Isolation is a sensation like cold. It took him up from his hands and feet through to the core of his being. If he had nothing left but to turn against Baby, who had escaped death a second time without his knowing, what place was he in, within himself?

— That was it?—

— I think so.—

— Difficult to follow you, Aila. You leave so much out.—

— I know.—

— You 'understood'.—

— Yes.—

— Can't you explain? Revenge? If you've been getting a political education you should know that's not an acceptable motivation in our struggle. Some mystical experience you've gone through, or what? Understood what?—

— The necessity for what I've done. — She placed the outer edge of each hand, fingers extended and close together, as a frame on either side of the sheets of testimony in front of her. And she placed herself before him, to be judged by him.

If he had been the one with the right to judge her. As her husband? As a comrade? The construction he had skilfully made of his life was uninhabitable, his categories were useless, nothing fitted his need. Needing Hannah. His attraction to Hannah belonged to the distorted place and time in which they — all of them — he, Aila, Hannah, lived. With Hannah there was the sexuality of commitment; for commitment implies danger, and the blind primal instinct is to ensure the species survives in circumstances of danger, even when the individual animal dies or the plant has had its season. In this freak displacement, the biological drive of his life, which belonged with his wife and the children he'd begotten, was diverted to his lover. He and Hannah begot no child; the revolutionary movement was to be their survivor. The excitement of their mating was for that. But Aila was the revolutionary, now.

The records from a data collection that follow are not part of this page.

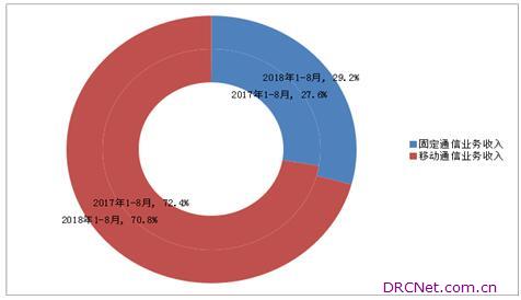 固定通信业务收入占比小幅提升。1-8月,三家基础电信企业实现固定通信业务收入2594亿元,同比增长9.3%,在电信业务收入中占29.2%,占比较去年同期提高1.6个百分点;实现移动通信业务收入6287亿元,同比增长1%,占电信业务收入的70.8%。 图2 2018年1-8月固定和移动业务收入占比情况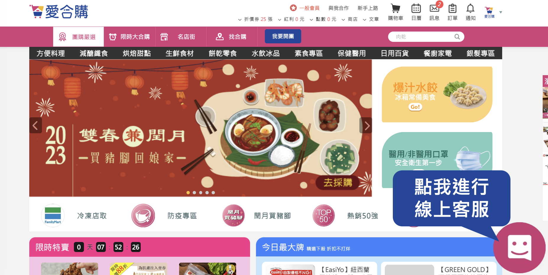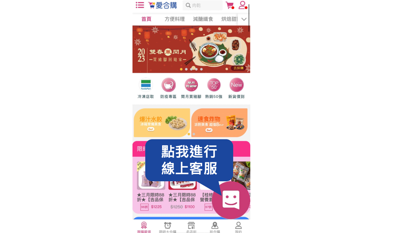 線上客服路徑:愛合購首頁 → 點擊右下方[粉色圈圈]傳訊息給客服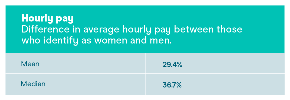 No, our gender pay gap does not mean that women are paid less than men for performing the same roles. The gender pay gap looks at average hourly pay for women and men across the company, regardless of role, seniority or performance. It is not the difference between women and men performing the same roles. We are confident that people doing the same role at the same level are paid equally, regardless of gender.

When they drove together to the police station to report every day, the weird routine performed together seemed to him a possibility of the return to the domestic intimacy they had had, once. A strange return it would have been, but surely something from which they both began must be there, beneath whatever unimaginably changed circumstances between them. He was at home, now, as he used to be, once. The other circumstances made this possible: the cottage was abandoned; he had somehow been eased out of high position in the movement.